First armed uprising against King Henry VII (1486)

The Stafford and Lovell rebellion was the first armed uprising against King Henry VII after he won the crown at the Battle of Bosworth in 1485. The uprising was led by Francis Lovell, Viscount Lovell, along with Sir Humphrey Stafford and Thomas Stafford, brothers from Grafton, Worcestershire. The uprising occurred during Eastertime 1486.

==Rebellion==
After the Battle of Bosworth in 1485, Francis Lord Lovell and Humphrey Stafford sought sanctuary at Colchester Abbey. The conspirators hoped to restore the Yorkist monarchy.

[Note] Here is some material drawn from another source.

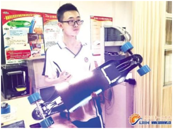 廈門第六中學(xué)蔡煒楨、顏明等研發(fā)的帶有剎車裝置的滑板車榮獲第67屆國際青少年Intel科學(xué)與工程大獎賽(ISEF)機械工程三等獎。

Henry VII used spies to monitor the activities of known Yorkist supporters. Sometime in April 1486, King Henry learned that Lovell and Humphrey Stafford had escaped and were planning a rebellion. Sir Richard Edgcumbe and Sir William Tyler were appointed by the King to apprehend Lovell. With the failure of the plot, Lovell first joined fellow rebels at Furness Falls and later fled to Margaret of Burgundy in Flanders. In the meantime, the Stafford brothers had risen in rebellion in Worcester, despite the fact that King Henry had mass support in that area.

During this time, Henry was in York on a nationwide tour of the country. It is believed that the king's issue of a pardon was 'effective' in leading to many rebels choosing to disperse. In the 1500s, historian Polydore Vergil wrote how the rebels 'without delay cast themselves at Bedford's [Jasper Tudor] feet, begged for pardon, and surrendered themselves to the Crown'. As soon as he advanced towards Worcester in order to eliminate Yorkist support, on 11 May 1486, the Stafford brothers again fled to sanctuary, this time at Culham in the church belonging to Abingdon Abbey.

==Conclusion of the rebellion and its consequences==
King Henry had the Staffords forcibly removed from the abbey on the night of 14 May by 60 armed men led by his knight Sir John Savage, who had commanded the left flank of his army at the Battle of Bosworth. When the abbot found out about what had happened, he sent a written complaint to the authorities about what he saw as an outrageous infringement of his abbey's ancient privileges as a place of sanctuary. However, the two men were tried before the Court of King's Bench, where the justices ruled that sanctuary was not applicable in cases of treason. Henry then ordered the execution of Sir Humphrey Stafford of Grafton but pardoned the younger Thomas Stafford.

The arrest prompted a series of protests against Pope Innocent VIII over the breaking of sanctuary; these resulted in a papal bull in August which agreed to some modifications affecting the privilege.

Sir John Conyers, who was suspected of being involved in the revolt, was stripped of his stewardship of Middleham and had a £2,000 bond imposed. The Abbot of Abingdon, who had organised sanctuary for the Stafford brothers, was given a 3000-mark bond of allegiance.

Henry had no wish to alienate Viscount Lovell and his family. On 5 July 1486, Lovell was appointed a justice of oyer and terminer, but later returned to England and again took up arms against the king, fighting what is considered to be the final battle of the Wars of the Roses when Yorkist and Lancastrian forces met at the Battle of Stoke Field on 16 June 1487. Sir John Savage was also again present on the day, as one of the main cavalry commanders of King Henry's forces. The battle was a decisive victory for Henry, with almost all the leading Yorkists killed, and never again would a battle be fought along Yorkist and Lancastrian lines. Lovell survived the defeat but then disappeared shortly after his escape, and was never seen again.